Wrapping your route handler

// app/api/chat/route.ts
import { checkUserRateLimit, recordUsage } from '@/lib/rateLimit'
import Anthropic from '@anthropic-ai/sdk'

export async function POST(request: Request) {
  const { userId, messages } = await request.json()

  const rateCheck = await checkUserRateLimit(userId)
  if (!rateCheck.allowed) {
    return Response.json(
      {
        error: 'Rate limit reached',
        resetAt: rateCheck.resetAt,
        message: `You have used your hourly limit. Try again at ${rateCheck.resetAt.toLocaleTimeString()}.`
      },
      { status: 429 }
    )
  }

  const anthropic = new Anthropic()
  const response = await anthropic.messages.create({
    model: 'claude-opus-4-5',
    max_tokens: 1024,
    messages,
  })

  // Record actual token usage
  await recordUsage(userId, response.usage.input_tokens + response.usage.output_tokens)

  return Response.json({ content: response.content[0] })
}

Request queuing for burst scenarios

For apps where simultaneous requests are common (e.g., a classroom tool, a team product), a simple queue prevents pile-ups:

// lib/queue.ts — in-memory queue (use BullMQ for production)
type QueuedRequest = {
  resolve: (value: unknown) => void
  reject: (reason: unknown) => void
  fn: () => Promise<unknown>
}

class SimpleQueue {
  private queue: QueuedRequest[] = []
  private running = 0
  private maxConcurrent = 3  // tune to stay within your tier's RPM

  async add<T>(fn: () => Promise<T>): Promise<T> {
    return new Promise((resolve, reject) => {
      this.queue.push({ resolve: resolve as (v: unknown) => void, reject, fn: fn as () => Promise<unknown> })
      this.drain()
    })
  }

  private async drain() {
    if (this.running >= this.maxConcurrent || this.queue.length === 0) return
    const item = this.queue.shift()!
    this.running++
    try {
      const result = await item.fn()
      item.resolve(result)
    } catch (err) {
      item.reject(err)
    } finally {
      this.running--
      this.drain()
    }
  }
}

export const anthropicQueue = new SimpleQueue()

Graceful degradation

When limits are hit despite queuing, tell users clearly:

// components/ChatInput.tsx
if (error.status === 429) {
  const resetTime = new Date(error.resetAt).toLocaleTimeString()
  setErrorMessage(`You've reached your request limit. It resets at ${resetTime}.`)
  return
}

Never show a raw "429 Too Many Requests" error. Users think the app is broken. A clear message about limits — and when they reset — keeps trust intact.

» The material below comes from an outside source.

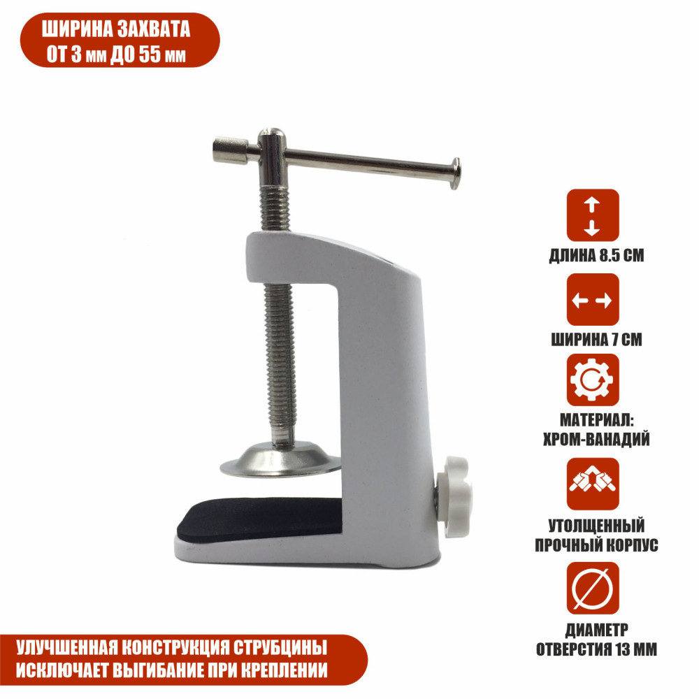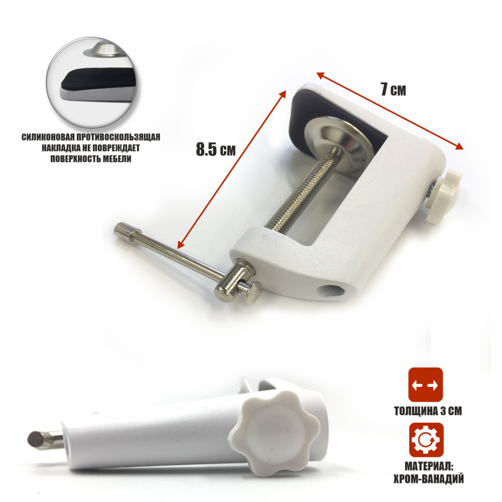 Струбцина усиленная белая предназначена для надежного крепления косметологического оборудования, включая лампы-лупы и светильники, на столах или других поверхностях толщиной до 55 мм. Прочная конструкция обеспечивает стабильность работы и защищает оборудование от случайного сдвига или выгибания пантографа. Усиленная струбцина — важный аксессуар для салонов красоты, студий и домашних мастерских, где требуется безопасная фиксация оборудования.

Monitoring usage in production

Track a few key metrics:

Average tokens per request (spot bloated prompts)
Requests per user (identify power users and abuse)
Rate limit hits per hour (signals you need a higher tier)
P95 response latency (correlates with token count)

Supabase makes this straightforward since you already have api_usage with token counts. A simple dashboard query:

select
  date_trunc('hour', created_at) as hour,
  count(*) as requests,
  sum(tokens_used) as total_tokens,
  avg(tokens_used) as avg_tokens
from api_usage
where created_at > now() - interval '24 hours'
group by 1
order by 1;

Rate limiting is unglamorous but it is what separates toys from products that survive their first week of real traffic.

Try this today: go to console.anthropic.com → Settings → Limits and note your current RPM and TPM ceilings. Then estimate your app's peak concurrent users × average tokens per request. If the math puts you within 2× of the limit under normal load, you are too close and need either a tier upgrade or tighter per-request budgets before you hit traffic.